Иногда по вечерам Шмидт заходил в матросский кубрик, там случалось нечто вроде маленького праздника. Дело в том, что Шмидт являл сам по себе нечто вроде ходячей энциклопедии. Он мог часами говорить о самых неожиданных вещах – будь то история китайской национальной одежды или сокровища, покоящиеся на дне мирового океана. Рассказывал он ярко, интересно, и слушали его, что называется, раскрыв рты, в гробовой тишине.
Вот и сегодня вечером, налюбовавшись вдоволь развеселой игрой касаток в гаснущем море, матросы с наступлением прохлады мало-помалу собрались в кубрике, а Москаленко позвал Шмидта.
Слово за слово – и разговор задел вдруг интересную тему о знаменитом «Летучем голландце».
Мнения мгновенно разделились: одни безоговорочно верили в существование кораблей-призраков, другие – нет.
– Как же так нет! – возмущенно восклицал кочегар Животовский. – Как нет, если я сам два года назад видел голландца у мыса Доброй Надежды! На самом рассвете прошел мимо нас, по самому правому борту. Небольшой из себя, весь с оборванными черными парусами, без единого человека команды. Это он был, голландец, – даже перекрестился Животовский, – кому же еще?
– Август Оттович, – попросил боцман, – рассказали бы нам, а?
– Расскажу, конечно, – просто ответил Шмидт. – Коли хотите, слушайте…
Он закурил трубку и негромко начал:
– Доложу я вам, что моряки давно заметили одно очень интересное явление. Крайне редко, но все-таки случалось так, что пропавшее судно вдруг появлялось снова. Иногда оно объявлялось на океанских просторах совершенно разбитым, со скелетами матросов в каютах. Помню, в детстве видел картинку: стоит, прислонившись к мачте, скелет в капитанской фуражке, а во рту у него трубка торчит. На мою, между прочим, очень похожа… Так вот: такие корабли люди и называли призраками. Самый знаменитый из них – американский барк «Фанни Уолстон». Тридцать лет назад, во время рейса из Канады с грузом леса, он дал капитальную течь у мыса Хаттерас. Команда покинула в шлюпках уже тонущий барк и с трудом добралась до берега. Судно списали, хозяева получили за него огромную страховку. И вдруг разразился скандал: через полгода один капитан сообщил в управление порта Бостон, что в восьмистах милях от американского побережья встретил судно, название которого было «Фанни Уолстон». Пока газеты и официальные морские чиновники терялись в догадках, верить или не верить сообщению, – барк увидели в водах Саргассова моря. Потом, несмотря на специально организованные поиски, в течение двух лет о нем ничего не было слышно. А на четвертый год он вдруг объявился у самого входа в порт Нью-Джерси, создав существенную угрозу для судоходства. Пришлось несколькими выстрелами с канонерки затопить «Фанни». Подсчитано: за четыре года странствий без команды барк прошел не меньше десяти тысяч морских миль! А объяснение этому явлению простое: «Фанни», как и другие корабли-призраки, просто-напросто избежало гибели – в силу каких-то причин течь закрылась, судно осталось на плаву. И пошло по воле ветра и волн путешествовать по белому свету. Увидит его кто-нибудь, и тотчас рождается легенда… Думаю, что и вы, Животовский, видели подобное брошенное людьми судно. Конечно же, ничего удивительного, а тем более сверхъестественного в этом нет.

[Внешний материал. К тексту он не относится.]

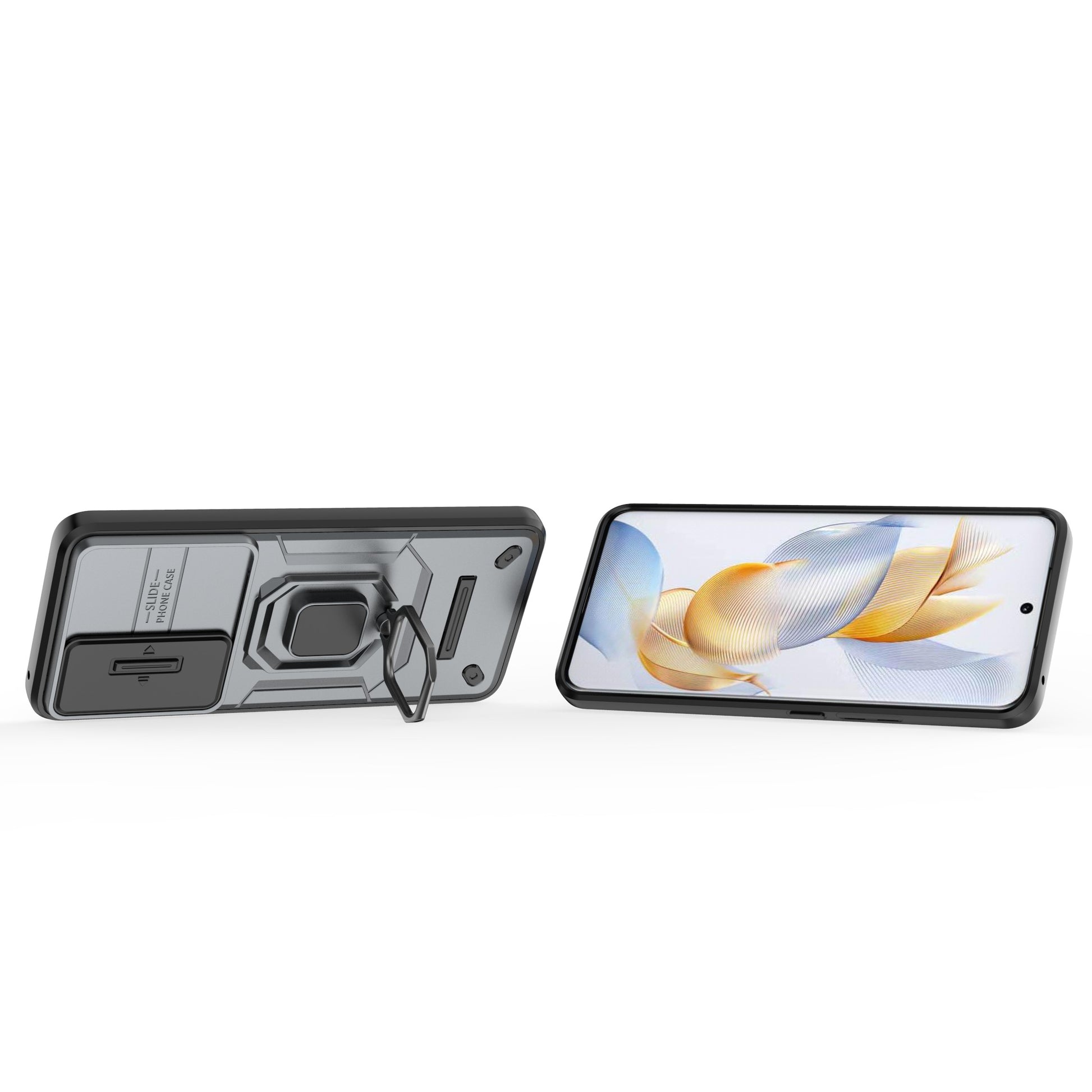 For Honor 90 Case PC+TPU Ring Kickstand Cellphone Cover with Slide Lens Guard

– В этом ничего удивительного, точно, нет! – раздался от входа веселый голос радиотелеграфиста Владимира Целярицкого. Оказывается, он вошел уже несколько минут назад, но, не желая оказаться замеченным, скромно стоял у порога.

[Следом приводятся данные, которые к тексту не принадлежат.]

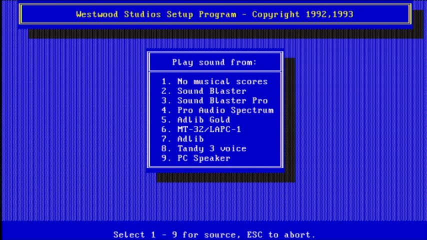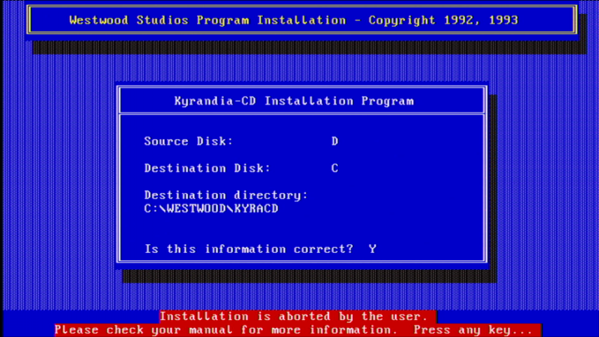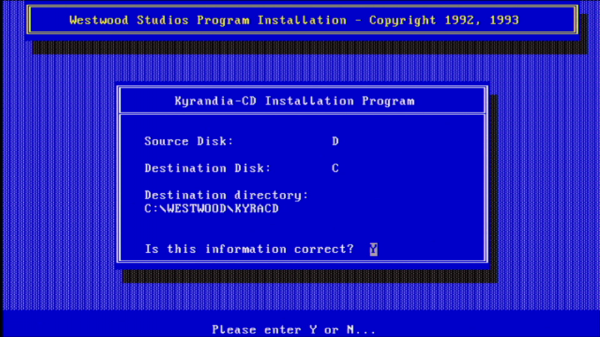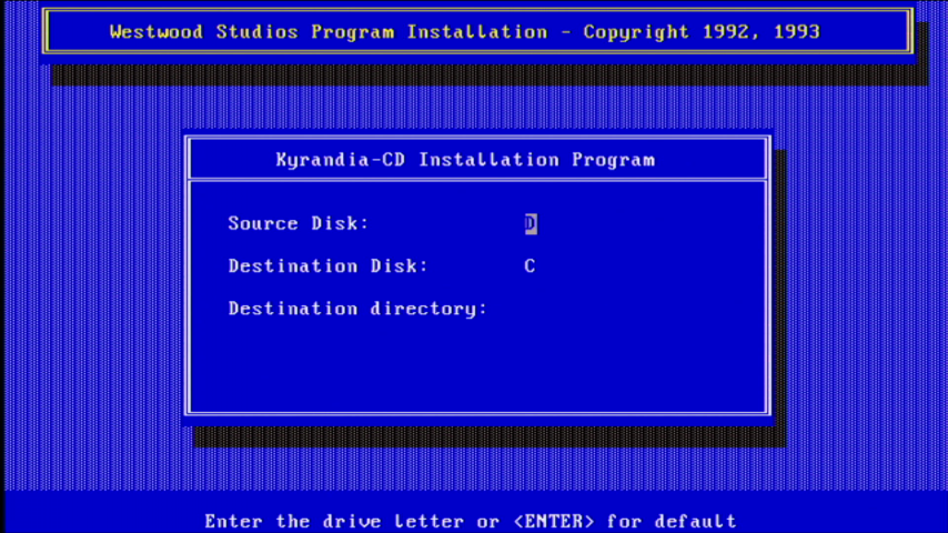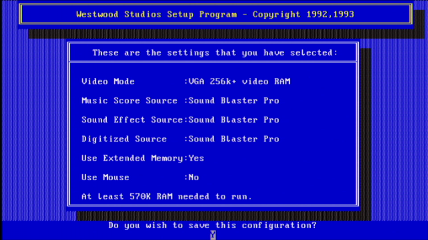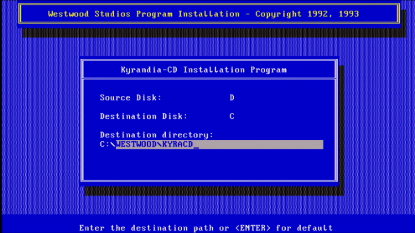 To configure the game's video and audio settings at any time later, you can run SETUP.EXE in the game's installation directory (default is C:\WESTWOOD\KYRACD for the CD-ROM version):

– А вот в том, о чем я вам хочу сказать, – продолжал он, – кое-что удивительное, на мой взгляд, найдется. Удалось, Август Оттович, перехватить текст радиограммы, в которой речь идет и о летучем голландце, и о нас с вами одновременно…

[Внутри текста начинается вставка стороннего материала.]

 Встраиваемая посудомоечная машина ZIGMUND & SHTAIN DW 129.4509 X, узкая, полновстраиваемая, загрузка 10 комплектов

– Интересно, – поднял брови Шмидт, ожидая пояснений. – Интересно будет узнать, что между нами общего.
– Вы помните «Кишинев»? Тот самый, который стоял во Владивостоке рядом с нами? Так вот: он, оказывается, тоже дал деру от господ Меркуловых! Что тот голландец – был и не стало… Господа в ярости, считают, что он идет на соединение с нами. Такая досада, что в Доброфлоте нет связи между судами. Вот бы покалялякали с кишиневцами!
Возгласы удивления и недоверия слились в один мощный всплеск шума.
– Заливаешь, Целярицкий! – убежденно сказал Москаленко. – С него, братцы, станется…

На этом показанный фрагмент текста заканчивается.